I really (REALLY) think it would be best to check-out your electrical issue first - because you definitely have an electrical problem somewhere. That's a fact! No problem with buying a new stove to replace an old 30+ year-old model BUT do you really want to be in the exact same position you find yourself in now with a brand new stove that won't work.............because of an electrical problem that has absolutely nothing to do with the old stove or a newly bought stove?

Also, considering that the house is 30+ years old - how do you know for sure you have adequately sized range wiring for the new stove. You may only have 40 amp wiring, but the new stove requires 50 amp or 60 amp wiring! Trust me - keeping the small, inadequate (amperage) wiring feeding from your electrical panel to the range receptacle, but increasing the fuse or circuit breaker (amperage) size to keep the fuses from blowing or the circuit breaker from tripping is NOT kosher. Doing so is asking for trouble! Like house fire trouble. Like death by fire trouble. Don't you want to know if you have adequate size house wiring for the new stove before you actually buy the new stove? I certainly would!!!

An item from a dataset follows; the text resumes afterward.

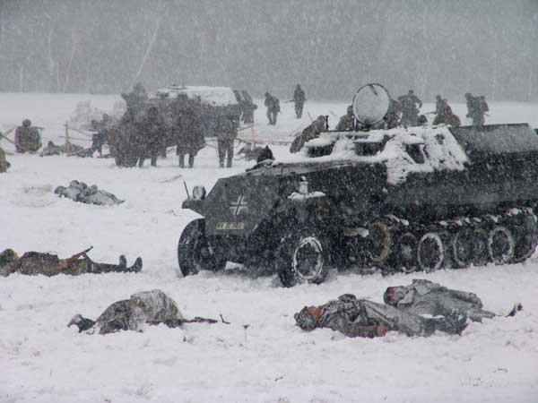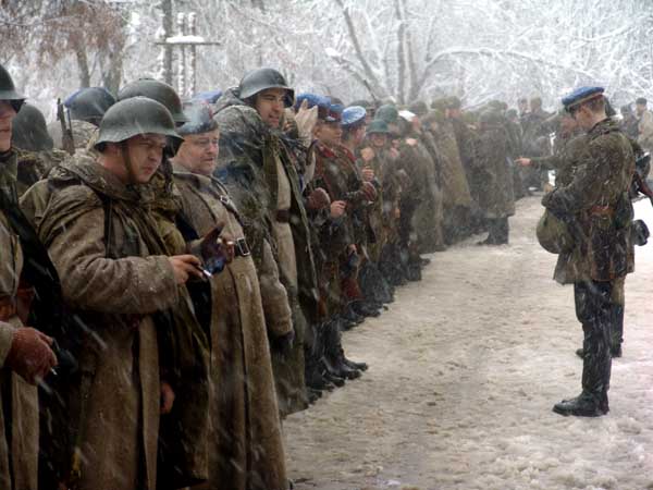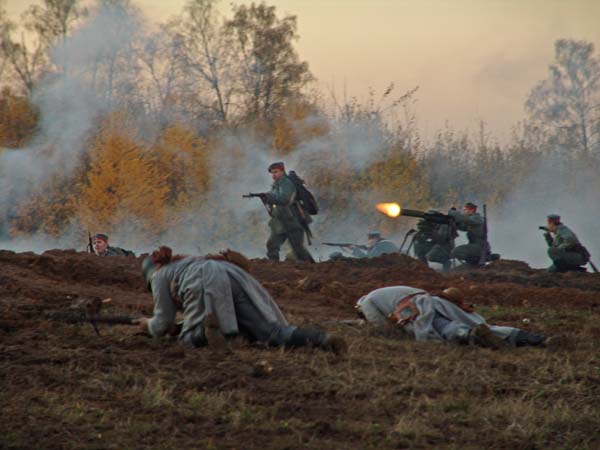 Как то не представляется - как это - в окопах? Умом понимаю, конечно... длинная такая яма, и все в ней сидят... но - но представляется, когда все промокло насквозь.. под снегом, когда коченеют почерневшие пальцы, трескается кожа, ломаются ногти... и не на пару часов инсценировки, а потом - в теплую машину, с кофе и домой... а - неделями, месяцами, годами . и не просто "сидеть" - а, простите - воевать... стрелять обледеневшей винтовкой, дыханием соскребая лед с замка...
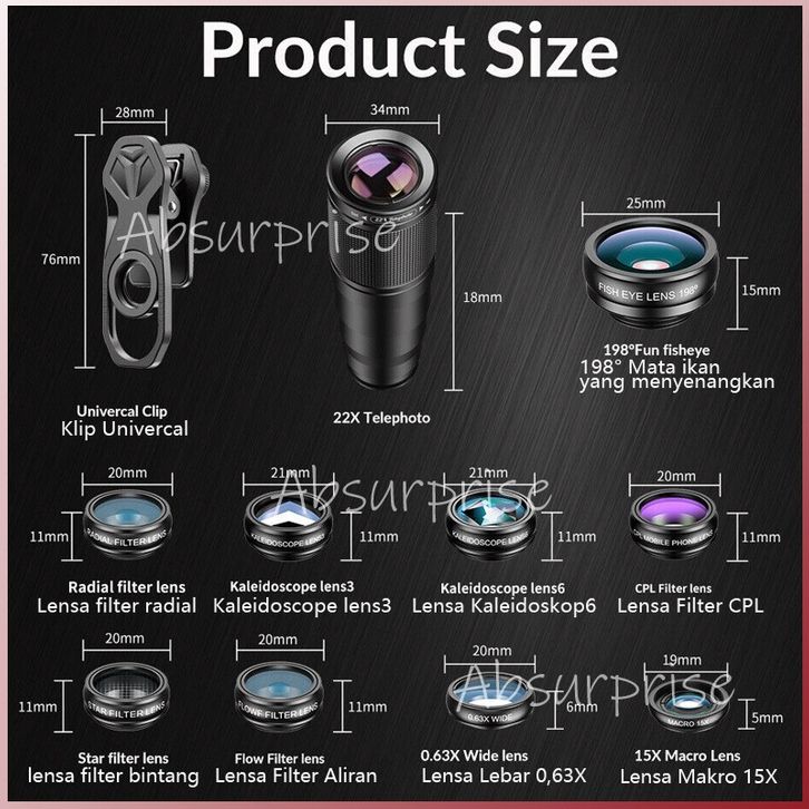 APEXEL 22X Lensa Telefoto 10 in 1 Lensa Kamera Ponsel Dengan Kit Sudut Lebar Makro untuk Smartphone/iPhone Lensa Telefot

Check out the REASON why the old stove does not work...and at the same time check to make sure the existing wiring is adequately sized for the new stove you wish to buy. That's how it should be done! Just trying to help you...


----------



## katonca (Aug 10, 2004)

Well the new stove is in. They said the wiring is sufficient and the stove works. I guess this is solved. Thanks for the advice folks. :up:


----------